Pediatric cholesteatoma occurs in one of two forms: congenital cholesteatoma, developing from embryonic epidermal cell rests or acquired cholesteatoma, associated with a focal defect in the tympanic membrane. This disease has been traditionally managed with the operating microscope, often requiring mastoidectomy for adequate visualization of and access to the middle ear and mastoid cavities. Recently, advances in endoscopic equipment have enabled otologists to manage most cases of pediatric cholesteatoma via a minimally-invasive, transcanal endoscopic approach. This review discusses the current literature relating to the etiopathogenesis, assessment and endoscopic management of pediatric cholesteatoma. Early outcomes of endoscopic treatment, emerging trends and technologies are also reviewed.

1. Introduction

Congenital and acquired pediatric cholesteatoma has been successfully managed with the microscope for many decades. Minimally invasive approaches that seek to minimize trauma to normal tissue yet achieve similar surgical goals would be logical to apply to the pediatric population. In the last 5 years, with the introduction of high quality narrow diameter endoscopes, cold light sources, ultra-high definition cameras and screens, endoscopic ear surgery (EES) has evolved into a method to successfully treat pediatric cholesteatoma in a minimally invasive manner. This review seeks to outline the current methods and results of EES in the pediatric cholesteatoma population.

2. Epidemiology

The true incidence of pediatric cholesteatoma is not known, and epidemiological studies are sparse. A retrospective review of 122 children operated on for cholesteatoma in Denmark between 1965 and 1978 inferred an annual incidence of pediatric cholesteatoma of 2.9 per 100 000 children (Tos, 1983). This reported incidence remains a good estimate despite its limitation to a single centre in a well-developed country with excellent access to health care.

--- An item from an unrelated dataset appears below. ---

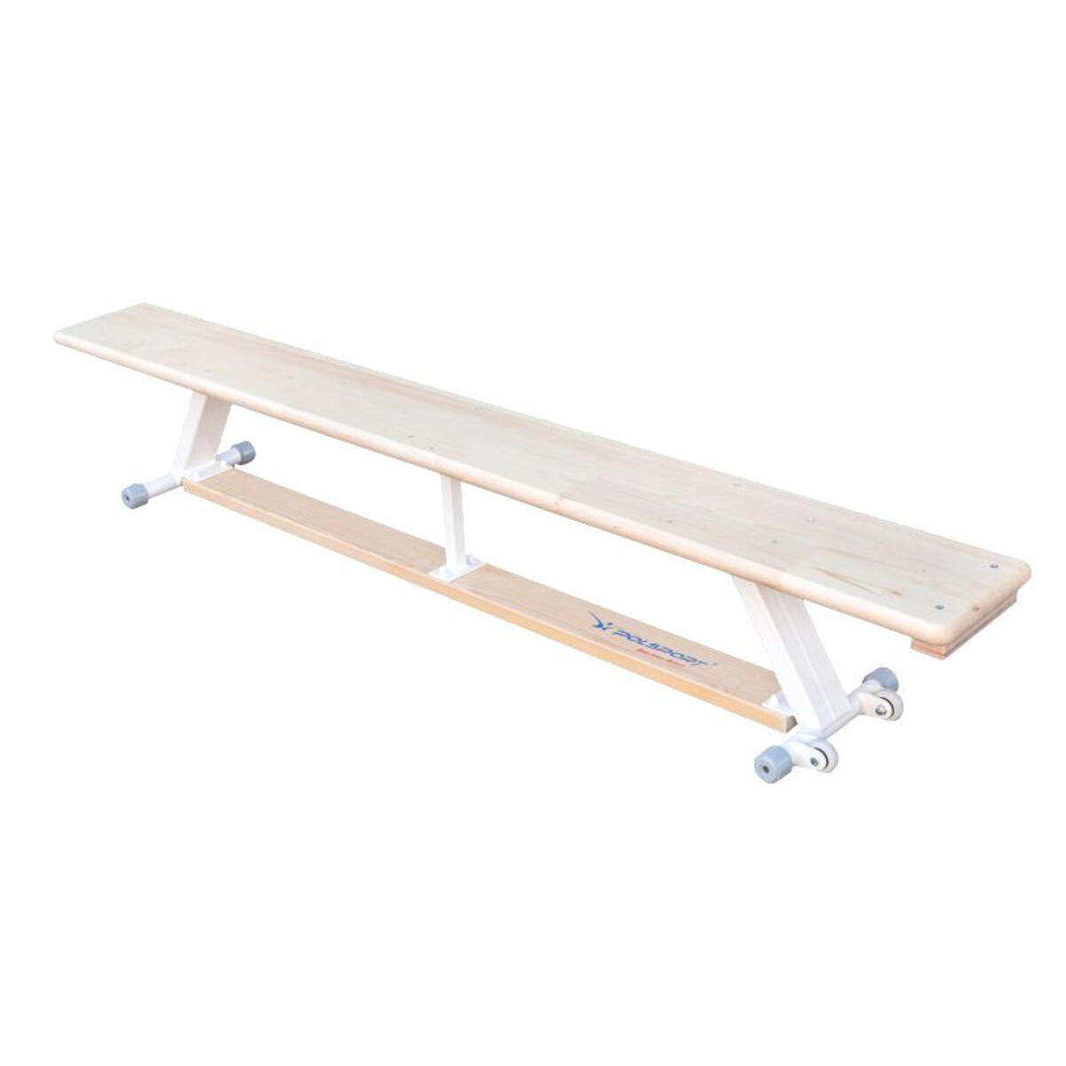 En gymnastikkbenk i klarlakkert heltre fingerskjøtet furu med et "feste" under for festing i ribbevegger eller pallplinter. Antiskli for å forhindre at den glir på underlaget. L300 x B22 x H30 cm. Balanseplaten i bunnen er 10 cm bred. Godkjent ihht Standard PN-N-97063: 1996 og PN-EN 913: 2008.

In children, there appears to be a slight male predilection (relative risk 1.4) (Olszewska et al., 2004). The mean ± SD age of children at diagnosis is 5.6 ± 2.8 years in congenital cholesteatoma and 9.7 ± 3.3 years in acquired cholesteatoma (Nelson et al., 2002). A large historical cohort study (Djurhuus et al., 2015) demonstrated a 20-fold increase in the incidence of surgically-treated middle ear cholesteatoma in individuals with cleft palate and a 14-fold increase in the incidence among individuals with cleft lip and palate. However, no difference in incidence was observed in individuals with cleft lip alone. Girls with Turner syndrome are at a higher risk of developing middle ear disease, including cholesteatoma (Hall et al., 2009) with a reported lifetime incidence in this population of approximately 4% (Lim et al., 2014).